──────── DATA SECTION

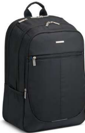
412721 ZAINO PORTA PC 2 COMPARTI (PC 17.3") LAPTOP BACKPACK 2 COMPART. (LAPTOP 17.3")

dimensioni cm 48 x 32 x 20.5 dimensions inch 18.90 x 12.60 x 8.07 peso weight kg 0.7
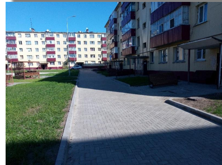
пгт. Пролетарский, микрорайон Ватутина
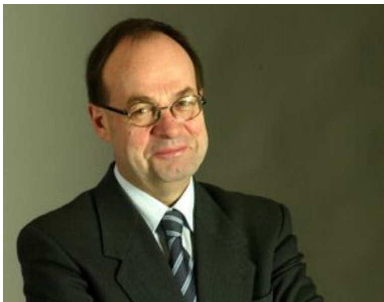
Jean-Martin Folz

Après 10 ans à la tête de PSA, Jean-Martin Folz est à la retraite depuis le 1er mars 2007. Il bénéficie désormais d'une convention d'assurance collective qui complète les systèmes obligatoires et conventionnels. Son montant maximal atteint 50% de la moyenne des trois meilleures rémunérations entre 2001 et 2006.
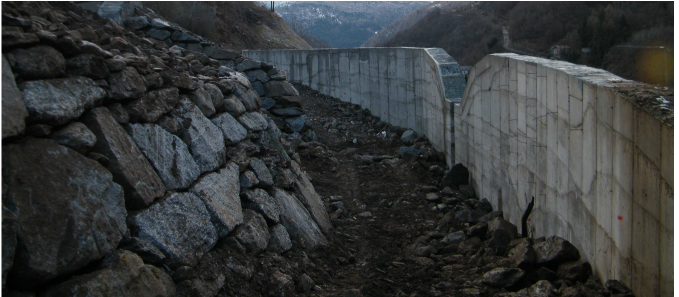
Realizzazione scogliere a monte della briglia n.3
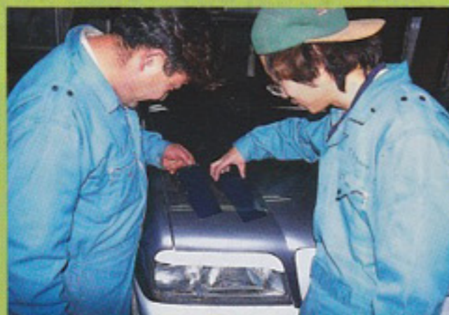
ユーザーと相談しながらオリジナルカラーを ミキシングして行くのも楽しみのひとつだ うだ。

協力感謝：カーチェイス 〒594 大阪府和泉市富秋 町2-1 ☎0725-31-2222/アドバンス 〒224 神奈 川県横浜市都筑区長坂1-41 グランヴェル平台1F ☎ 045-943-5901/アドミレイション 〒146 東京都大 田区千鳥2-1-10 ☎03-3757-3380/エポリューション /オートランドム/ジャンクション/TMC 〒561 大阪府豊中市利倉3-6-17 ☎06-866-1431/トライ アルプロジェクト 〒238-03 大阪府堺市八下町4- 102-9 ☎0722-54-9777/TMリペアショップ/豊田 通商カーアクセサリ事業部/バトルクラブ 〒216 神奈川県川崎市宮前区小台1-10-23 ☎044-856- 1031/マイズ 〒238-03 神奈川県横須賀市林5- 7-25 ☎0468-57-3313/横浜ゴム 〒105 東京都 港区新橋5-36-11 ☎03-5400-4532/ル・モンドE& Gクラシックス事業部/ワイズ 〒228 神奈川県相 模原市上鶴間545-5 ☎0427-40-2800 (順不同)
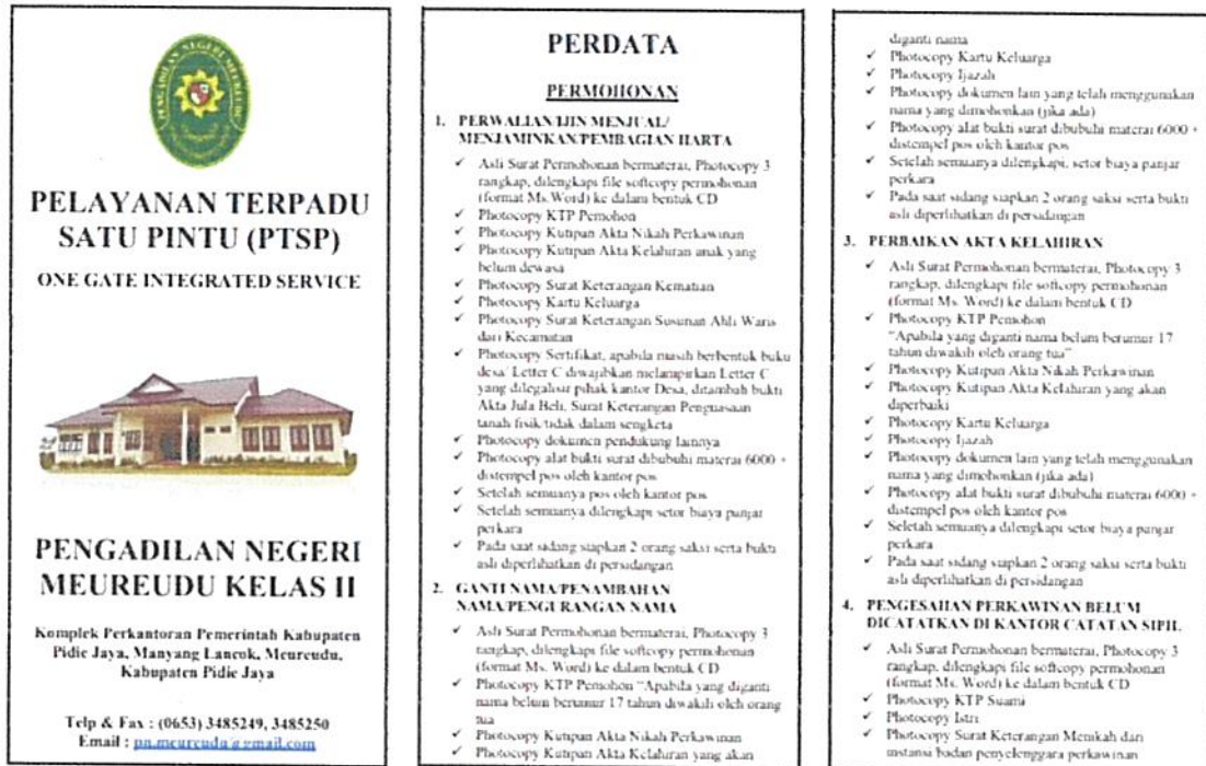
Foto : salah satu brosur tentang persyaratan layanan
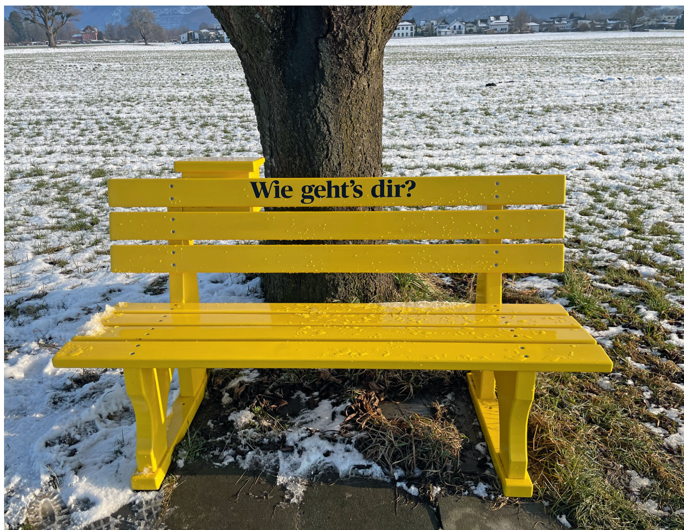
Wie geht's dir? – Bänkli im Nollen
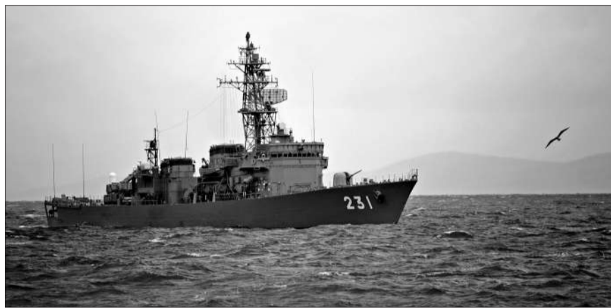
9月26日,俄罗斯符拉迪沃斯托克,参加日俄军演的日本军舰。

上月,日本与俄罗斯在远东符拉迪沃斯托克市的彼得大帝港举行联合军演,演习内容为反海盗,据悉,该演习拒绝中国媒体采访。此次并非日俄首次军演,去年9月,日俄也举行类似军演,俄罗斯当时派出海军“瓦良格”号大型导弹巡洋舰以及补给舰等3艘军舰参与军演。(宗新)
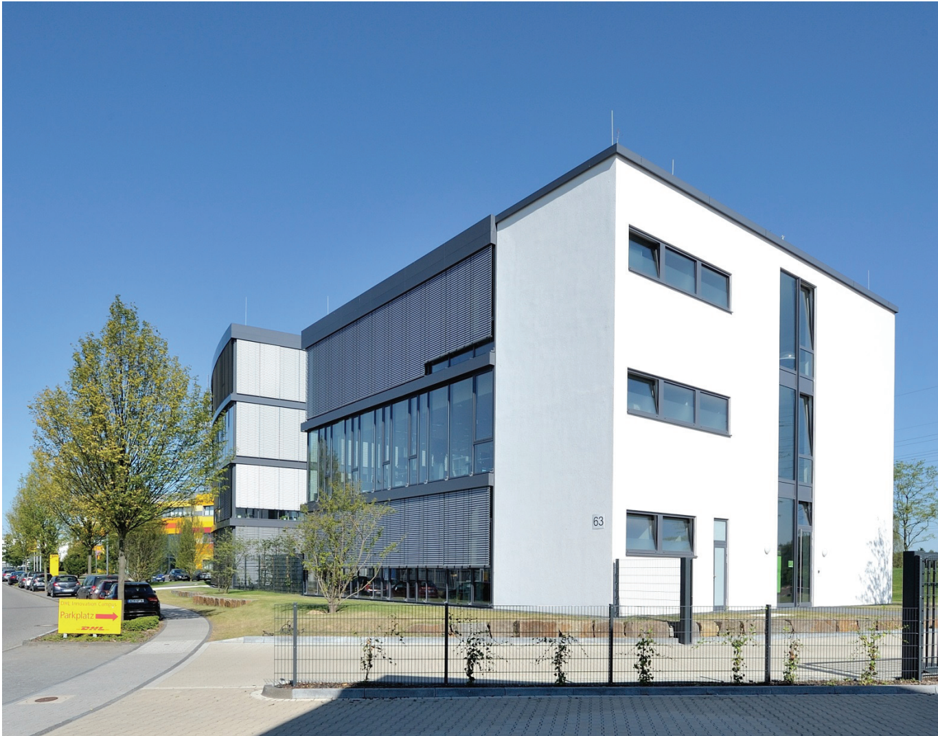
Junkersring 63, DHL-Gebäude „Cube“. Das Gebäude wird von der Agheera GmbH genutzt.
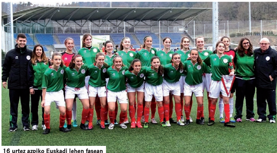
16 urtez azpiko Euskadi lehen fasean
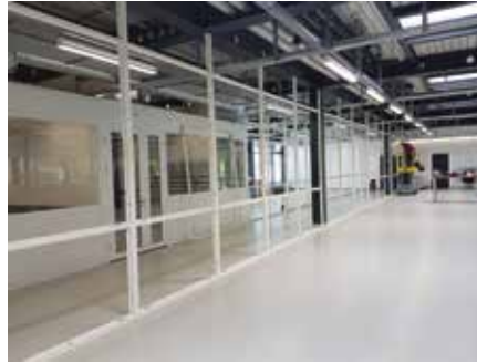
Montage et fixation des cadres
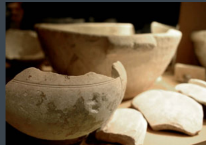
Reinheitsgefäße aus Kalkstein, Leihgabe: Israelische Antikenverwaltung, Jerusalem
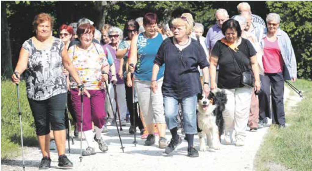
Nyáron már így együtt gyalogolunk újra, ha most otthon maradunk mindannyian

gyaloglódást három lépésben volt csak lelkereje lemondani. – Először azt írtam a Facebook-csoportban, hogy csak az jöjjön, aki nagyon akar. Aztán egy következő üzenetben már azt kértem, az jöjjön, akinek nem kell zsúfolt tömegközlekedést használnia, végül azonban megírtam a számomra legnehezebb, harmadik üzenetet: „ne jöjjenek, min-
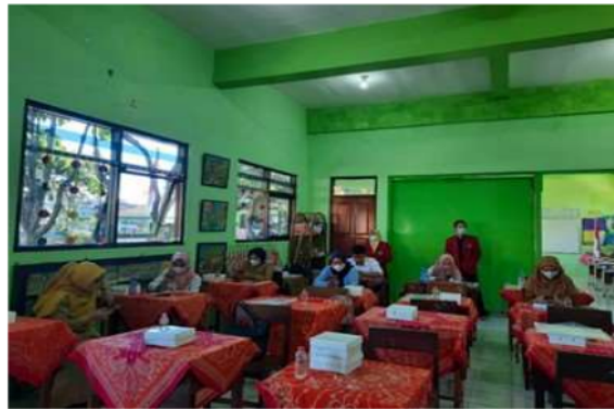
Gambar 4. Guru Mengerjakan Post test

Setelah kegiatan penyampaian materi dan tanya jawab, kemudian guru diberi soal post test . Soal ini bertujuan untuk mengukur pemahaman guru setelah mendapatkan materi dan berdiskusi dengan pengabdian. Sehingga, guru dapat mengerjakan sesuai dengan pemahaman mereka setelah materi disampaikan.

────────────────

**EXERCISE BRIEF:**
Return exactly the stretch above whose first line contains "Wie geht's dir? – Bänkli im Nollen" and whose last line contains "Nyáron már így", and nothing outside it. The pictures should not appear.

**EXERCISE OUTPUT:**
Wie geht's dir? – Bänkli im Nollen
9月26日,俄罗斯符拉迪沃斯托克,参加日俄军演的日本军舰。

上月,日本与俄罗斯在远东符拉迪沃斯托克市的彼得大帝港举行联合军演,演习内容为反海盗,据悉,该演习拒绝中国媒体采访。此次并非日俄首次军演,去年9月,日俄也举行类似军演,俄罗斯当时派出海军“瓦良格”号大型导弹巡洋舰以及补给舰等3艘军舰参与军演。(宗新)
Junkersring 63, DHL-Gebäude „Cube“. Das Gebäude wird von der Agheera GmbH genutzt.
16 urtez azpiko Euskadi lehen fasean
Montage et fixation des cadres
Reinheitsgefäße aus Kalkstein, Leihgabe: Israelische Antikenverwaltung, Jerusalem
Nyáron már így együtt gyalogolunk újra, ha most otthon maradunk mindannyian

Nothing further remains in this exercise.